> _TASK PROMPT_: Write out each line of the material exactly as given, and drop the images.

(INFORMATION SHOWN begins)

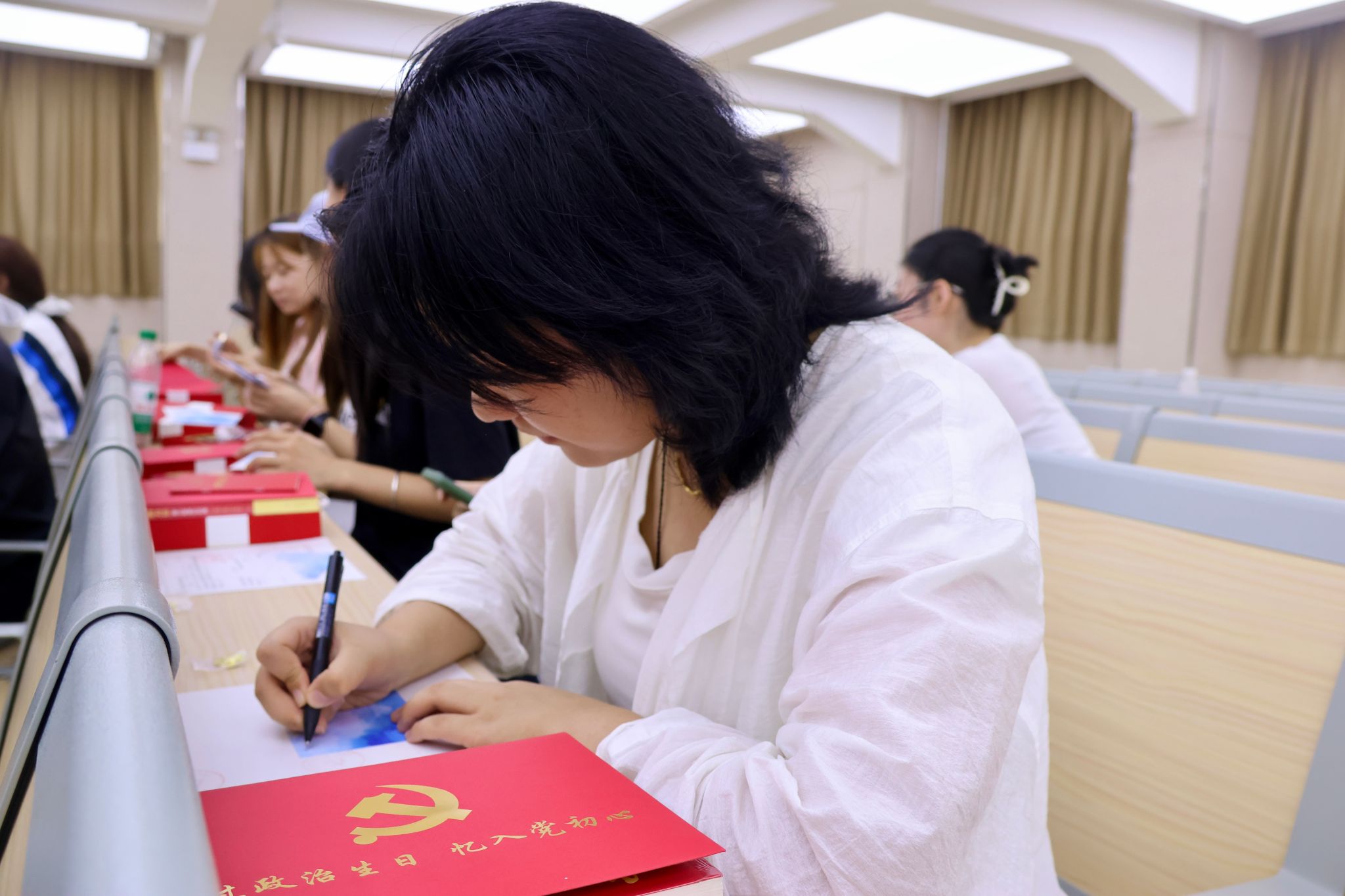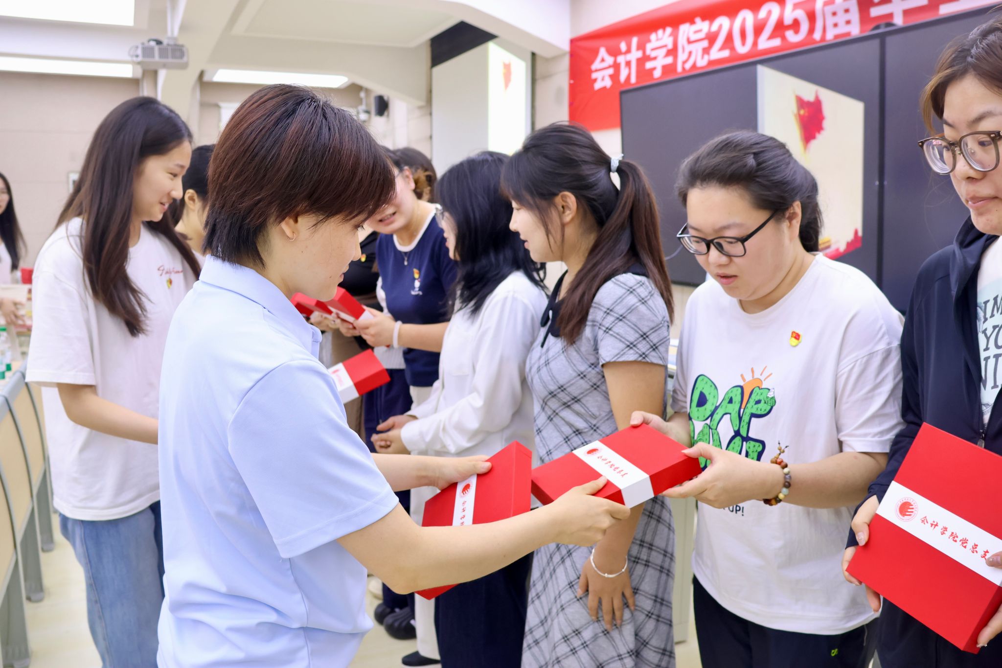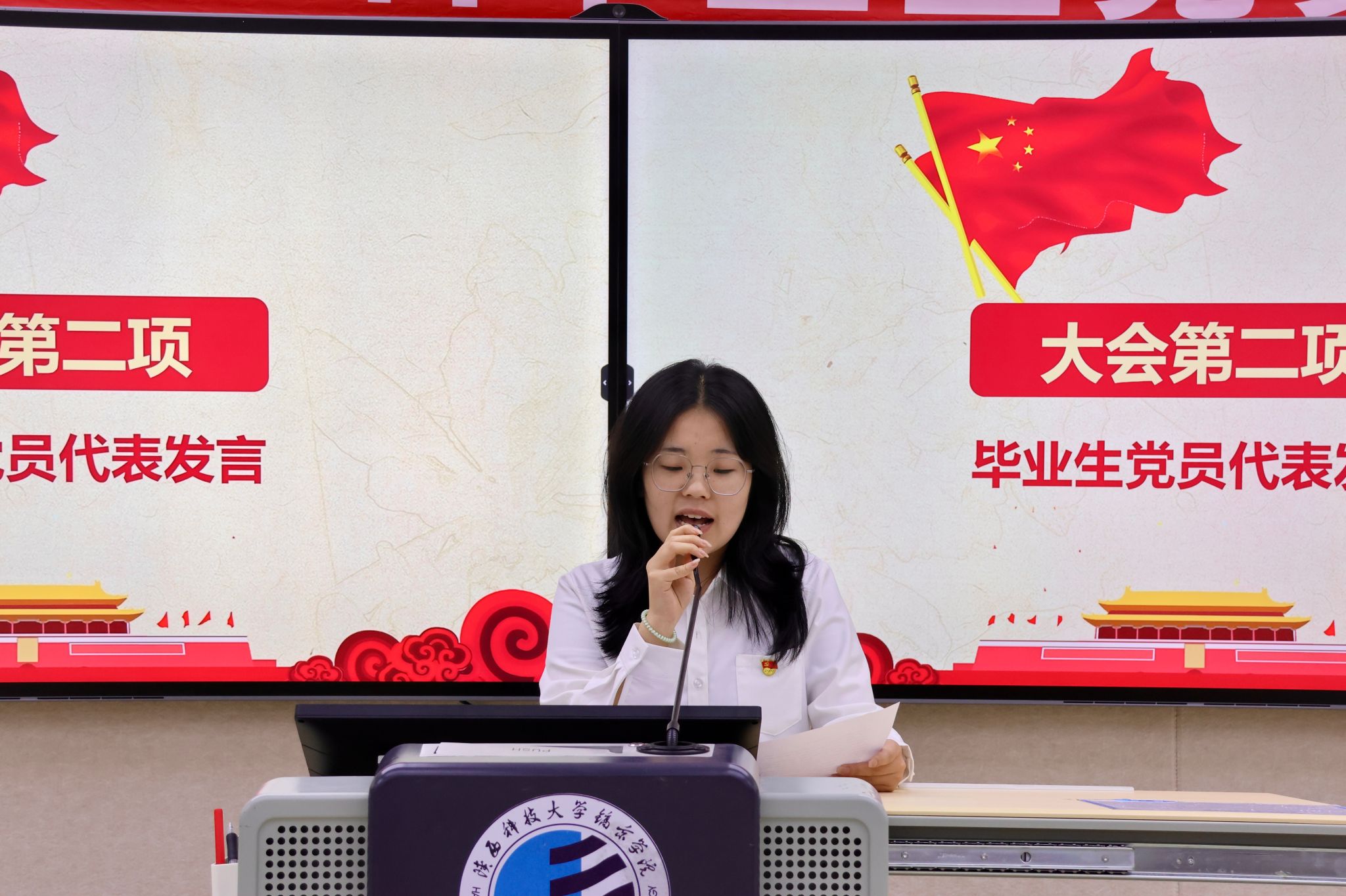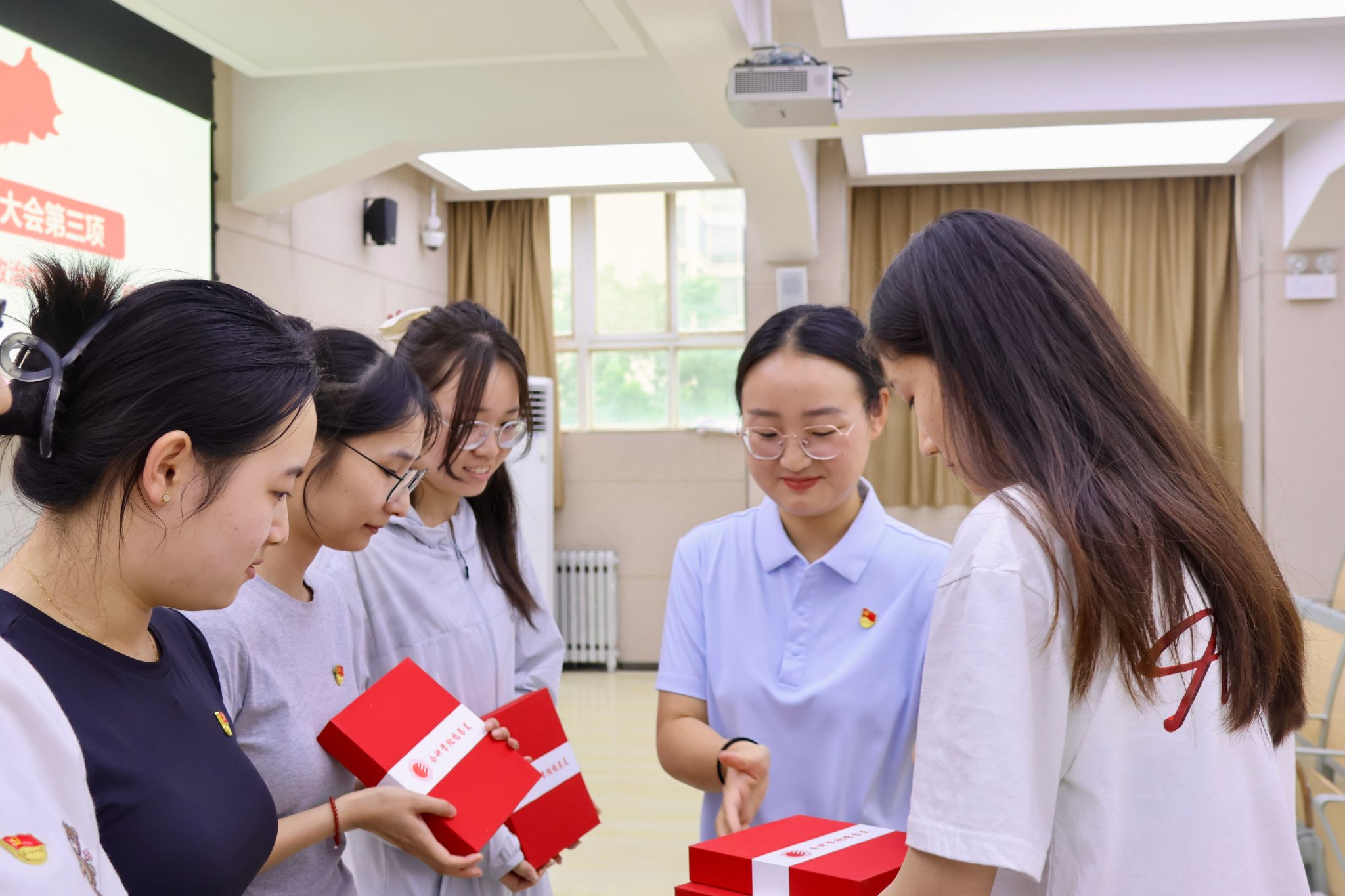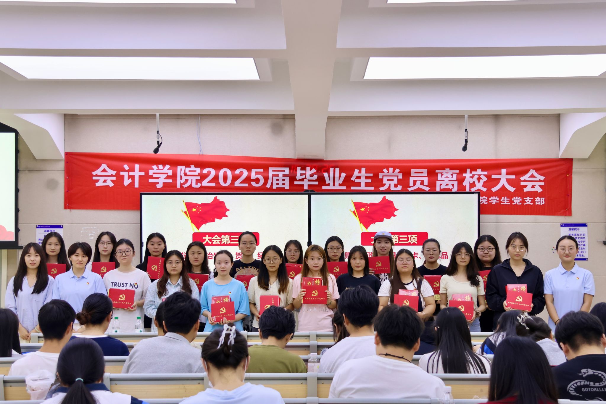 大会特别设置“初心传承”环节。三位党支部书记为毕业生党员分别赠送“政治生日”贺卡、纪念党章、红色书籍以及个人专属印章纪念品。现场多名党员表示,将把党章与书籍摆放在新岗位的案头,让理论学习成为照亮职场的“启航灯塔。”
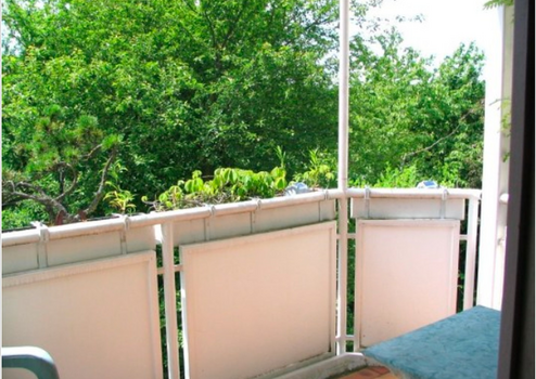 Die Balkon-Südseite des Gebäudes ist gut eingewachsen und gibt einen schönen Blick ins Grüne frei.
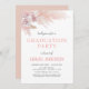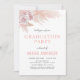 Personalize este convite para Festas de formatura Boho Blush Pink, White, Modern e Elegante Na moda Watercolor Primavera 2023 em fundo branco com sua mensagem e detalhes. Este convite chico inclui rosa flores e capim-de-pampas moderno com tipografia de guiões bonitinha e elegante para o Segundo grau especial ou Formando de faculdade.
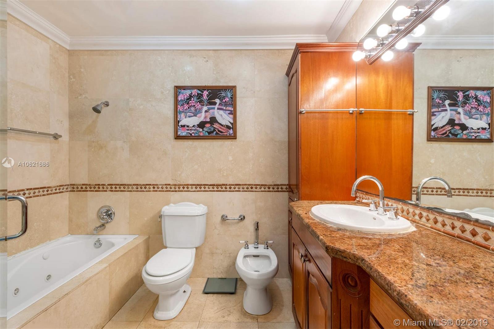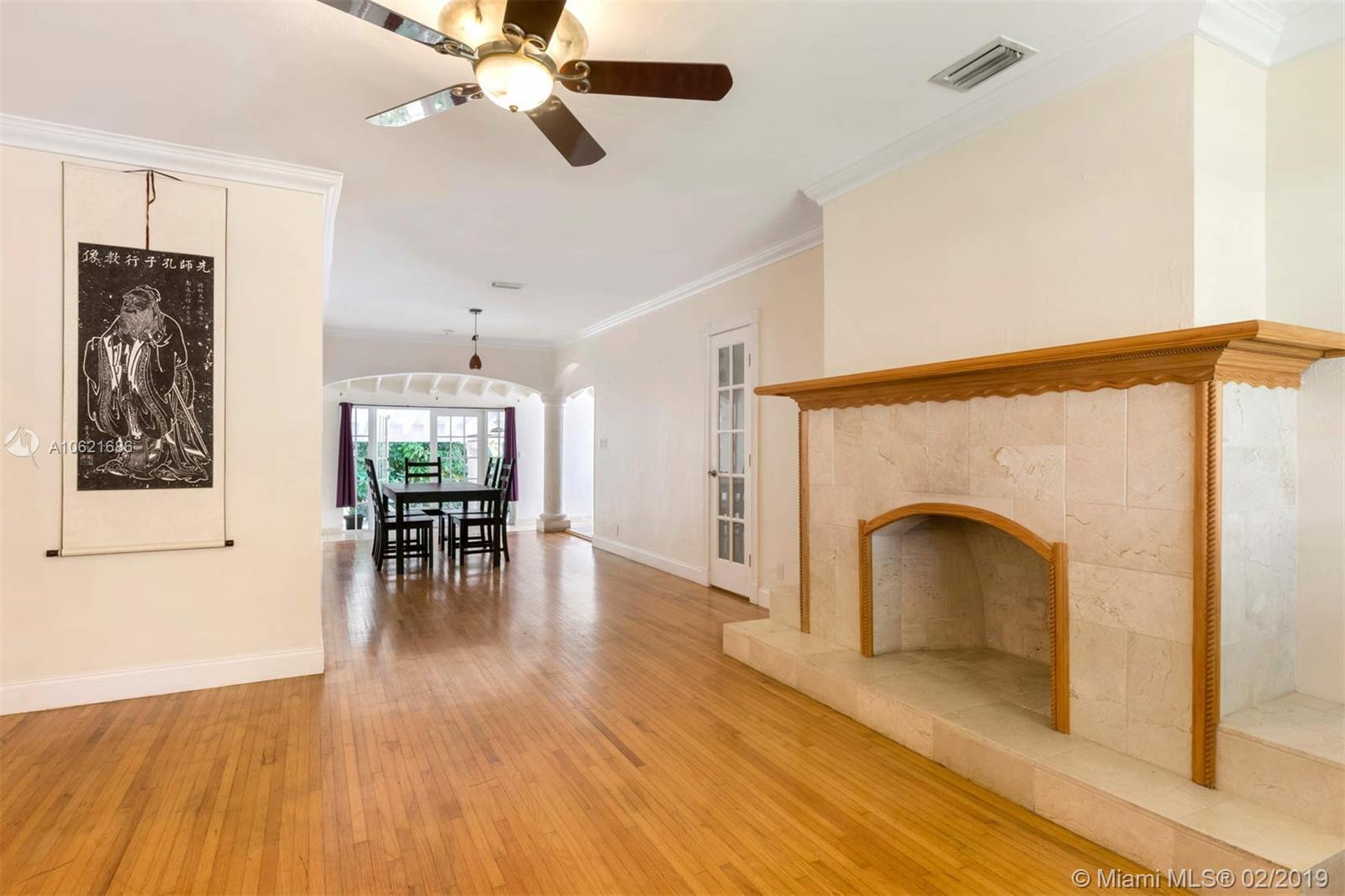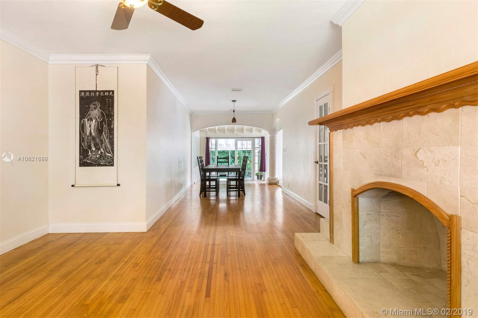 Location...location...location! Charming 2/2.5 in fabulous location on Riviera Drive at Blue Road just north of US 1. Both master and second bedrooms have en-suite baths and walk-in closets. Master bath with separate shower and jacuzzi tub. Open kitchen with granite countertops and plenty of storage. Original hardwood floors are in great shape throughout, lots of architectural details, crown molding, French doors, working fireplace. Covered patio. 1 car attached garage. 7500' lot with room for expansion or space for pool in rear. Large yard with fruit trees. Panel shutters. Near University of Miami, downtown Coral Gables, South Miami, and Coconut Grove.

(INFORMATION SHOWN ends)

> _OUTPUT FOR THIS EXERCISE_:
 大会特别设置“初心传承”环节。三位党支部书记为毕业生党员分别赠送“政治生日”贺卡、纪念党章、红色书籍以及个人专属印章纪念品。现场多名党员表示,将把党章与书籍摆放在新岗位的案头,让理论学习成为照亮职场的“启航灯塔。”
 Die Balkon-Südseite des Gebäudes ist gut eingewachsen und gibt einen schönen Blick ins Grüne frei.
 Personalize este convite para Festas de formatura Boho Blush Pink, White, Modern e Elegante Na moda Watercolor Primavera 2023 em fundo branco com sua mensagem e detalhes. Este convite chico inclui rosa flores e capim-de-pampas moderno com tipografia de guiões bonitinha e elegante para o Segundo grau especial ou Formando de faculdade.
 Location...location...location! Charming 2/2.5 in fabulous location on Riviera Drive at Blue Road just north of US 1. Both master and second bedrooms have en-suite baths and walk-in closets. Master bath with separate shower and jacuzzi tub. Open kitchen with granite countertops and plenty of storage. Original hardwood floors are in great shape throughout, lots of architectural details, crown molding, French doors, working fireplace. Covered patio. 1 car attached garage. 7500' lot with room for expansion or space for pool in rear. Large yard with fruit trees. Panel shutters. Near University of Miami, downtown Coral Gables, South Miami, and Coconut Grove.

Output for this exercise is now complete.